> **Exercise goal**
Please repeat each line below exactly, with no images in the copy.

> **Given information**
[Start of Attachment]
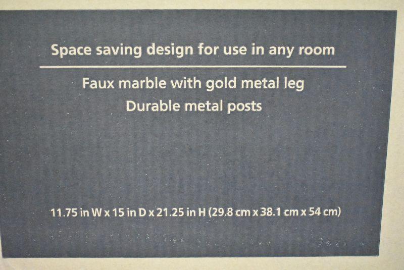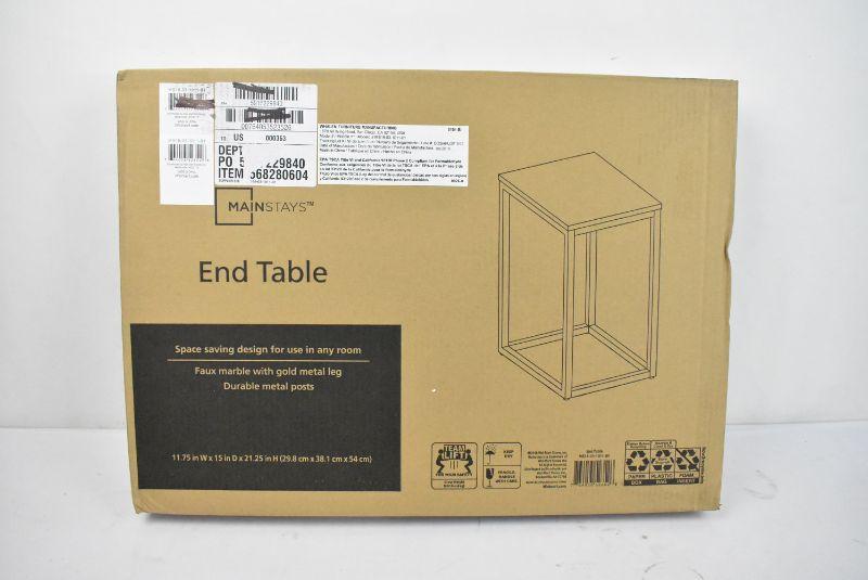 Mainstays End Table 11.75" x 15" x 21.25" Faux Marble with Gold Metal Legs - New
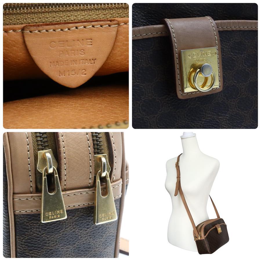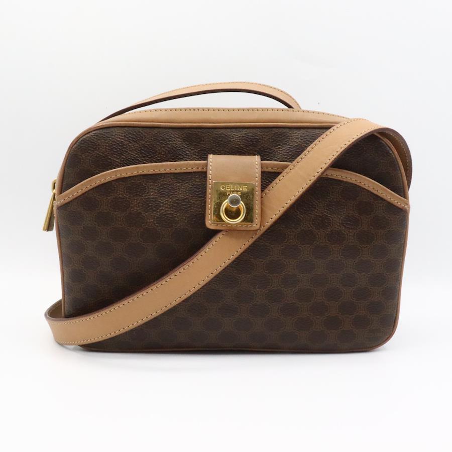 【商品説明】品名 セリーヌ マカダム柄 PVC ショルダーバッグ ブラウン ゴールド金具シリアルナンバーサイズ 約縦16センチ 横23センチ 厚み7センチ ショルダー103~120センチ仕様 ポケット1 ファスナーポケット1付属品 なし【商品状態】剥がれ、ベタつきありません。ファスナースムーズです。ボタンしっかりとまります。若干のスレ、ヨレがあります。届いたらすぐに気持ちよくお使いいただけるコンディションです。この機会に是非お買い求めください
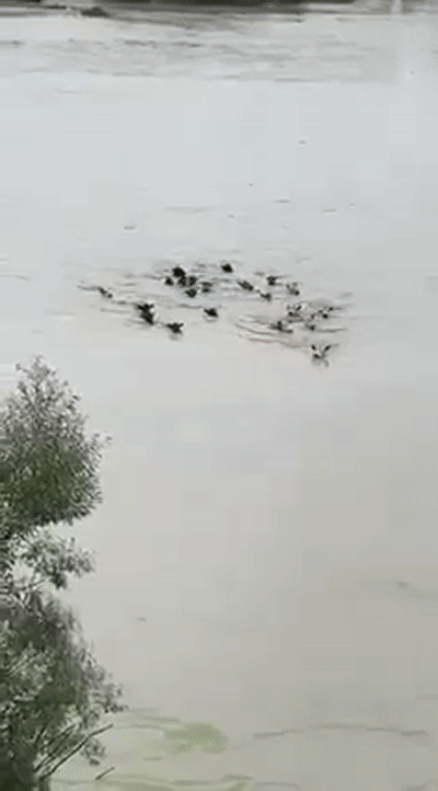 국가 비상사태가 선포될 만큼 사이클론 가브리엘이 뉴질랜드에 피해를 입힌 가운데 홍수에 떠내려간 소들이 주인의 부름에 일사불란하게 헤엄쳐 밖으로 빠져나오는 모습이 포착됐다.
[End of Attachment]
> **Written answer**
 Mainstays End Table 11.75" x 15" x 21.25" Faux Marble with Gold Metal Legs - New
 【商品説明】品名 セリーヌ マカダム柄 PVC ショルダーバッグ ブラウン ゴールド金具シリアルナンバーサイズ 約縦16センチ 横23センチ 厚み7センチ ショルダー103~120センチ仕様 ポケット1 ファスナーポケット1付属品 なし【商品状態】剥がれ、ベタつきありません。ファスナースムーズです。ボタンしっかりとまります。若干のスレ、ヨレがあります。届いたらすぐに気持ちよくお使いいただけるコンディションです。この機会に是非お買い求めください
 국가 비상사태가 선포될 만큼 사이클론 가브리엘이 뉴질랜드에 피해를 입힌 가운데 홍수에 떠내려간 소들이 주인의 부름에 일사불란하게 헤엄쳐 밖으로 빠져나오는 모습이 포착됐다.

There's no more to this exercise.